I spend the rest of the day pulling the poem out and reading it whenever I can. When I get home, I take the photo of Trish out of my red lacquer box, and replace it with Jamie’s note. After I do my poetry journal entry about “My Garden—like the Beach—,” I copy it, plus “I’m Nobody! Who are you?” into another, brand-new notebook. Then I scour the internet for a good poem for Jamie.
“In the Morning in Morocco” by Mary K. Stillwell is perfect. It’s about waking up in an exotic, dreamy place (Morocco) after having traveled from Omaha. In the beginning of the poem, the speaker seems to think she’s still in Omaha, just as she’s waking up. The light is coming in through the cracks of her window shade, and it’s like the dream is seeping into reality, or maybe it’s the other way around.
So.
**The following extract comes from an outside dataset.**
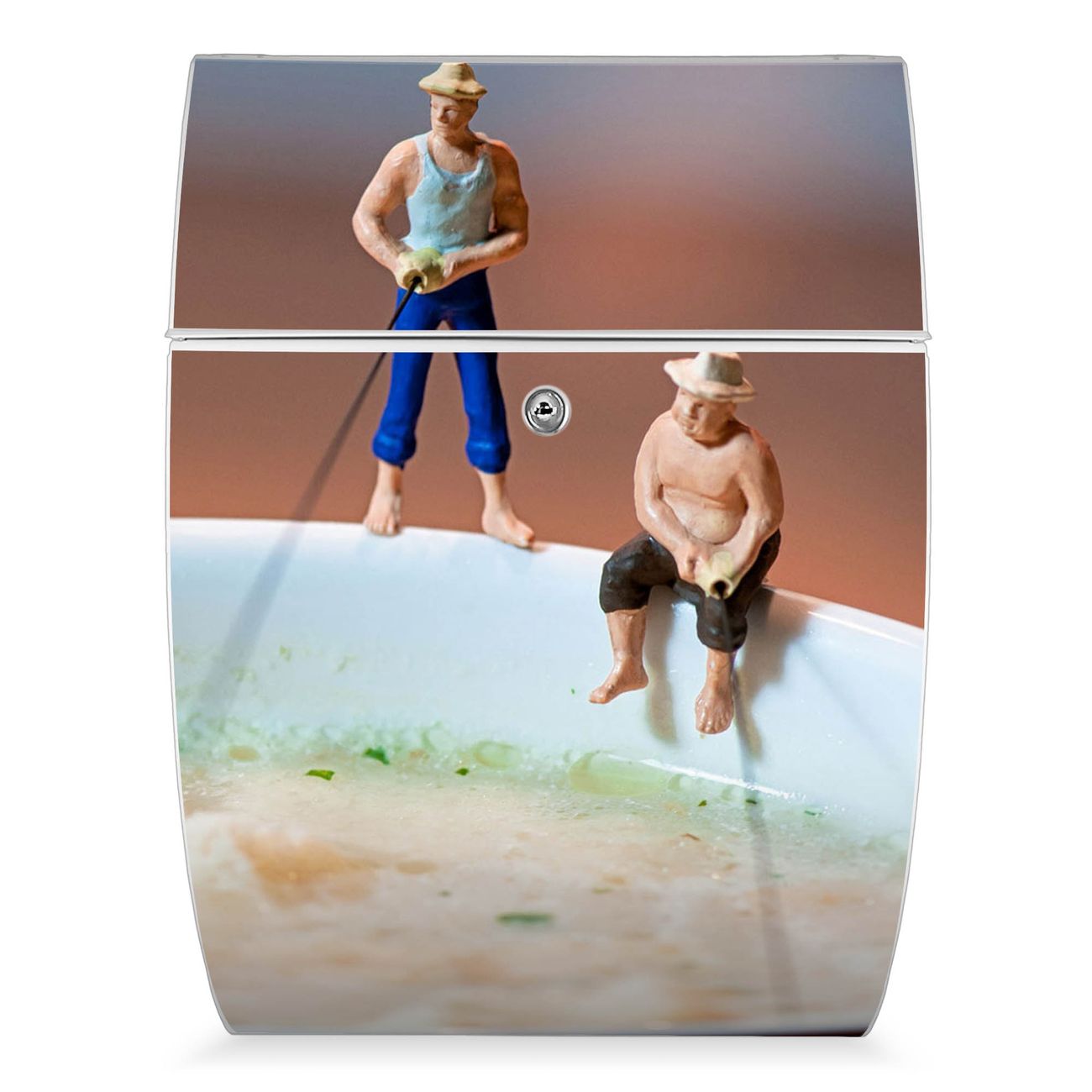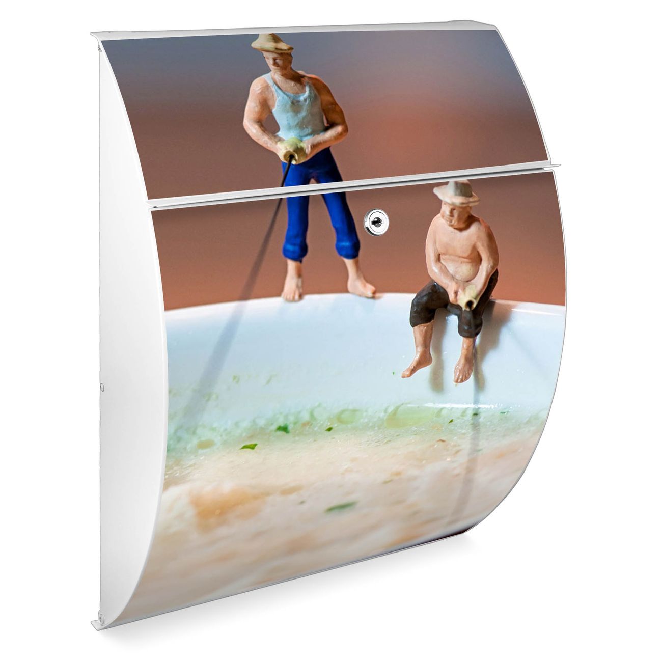 FUNKTION: DESIGN: Das Modell Riviera mit Motiv Männersache hat ein sehr ansprechendes und zeitloses Design. Heben Sie Sich von der tristen grauen Masse ab, ohne auf Funktionalität zu verzichten. Der integrierte Öffnungsstopp ermöglicht eine einfache Handhabung beim Entnehmen der Post. DETAILS: Der Postkasten besteht aus vollflächig verzinktem Stahl welcher in weiß lackiert wurde. Das Motiv besteht aus einer wetter- und UV-festen Folie, die mit einem Schutzlaminat überzogen ist, durch die Ihren Briefkasten zusätzlich vor Kratzern geschützt ist. Sie erhalten 2 Schlüssel sowie das passende Montagematerial. NUTZEN: Sie können den Briefkasten sowohl als Wandbriefkasten montieren oder einen passenden Ständer kaufen und als Standbriefkasten einbetonieren. Die Größe bietet genügend Platz für Sendungen aller Art, der Einwurf fasst auch größere A4 Sendungen. BANJADO: Ihr Briefkasten wird in Sachsen in einer kleinen Manufaktur von Hand veredelt. Die Motivfolie ist lösungsmittelfrei und schutzlaminiert, dies sorgt für einen langen Halt. Wir legen großen Wert auf die Verbindung von Funktionalität und Design. Sie erhalten Handarbeit aus Sachsen.

Page One of the new notebook: “I’m Nobody! Who are you?”
Page Two: “My Garden—like the Beach—”
Page Three: “In the Morning in Morocco”
I’m going to give the notebook to Jamie after practice tomorrow afternoon. I hope she likes it. I hope she makes a Page Four.
POETRY JOURNAL, HONORS AMERICAN LITERATURE
THURSDAY, SEPTEMBER 10
“My Garden—like the Beach—”
by Emily Dickinson
A friend of mine gave me this poem today. I’m not sure what it’s really about, or what it means. There’s some kind of comparison between a garden, the beach, the sea, and summer. Maybe having a garden and going to the beach are both associated with summer? Maybe the beach and summertime are both times/places where you can be free? The beach is wild nature and the garden is tamed nature?
The last part is my favorite: “the Pearls / She fetches—such as Me.” Maybe since pearls are a treasure, the speaker, “Me,” is also a treasure. Maybe the speaker is offering herself like a pearl, to be someone’s treasure.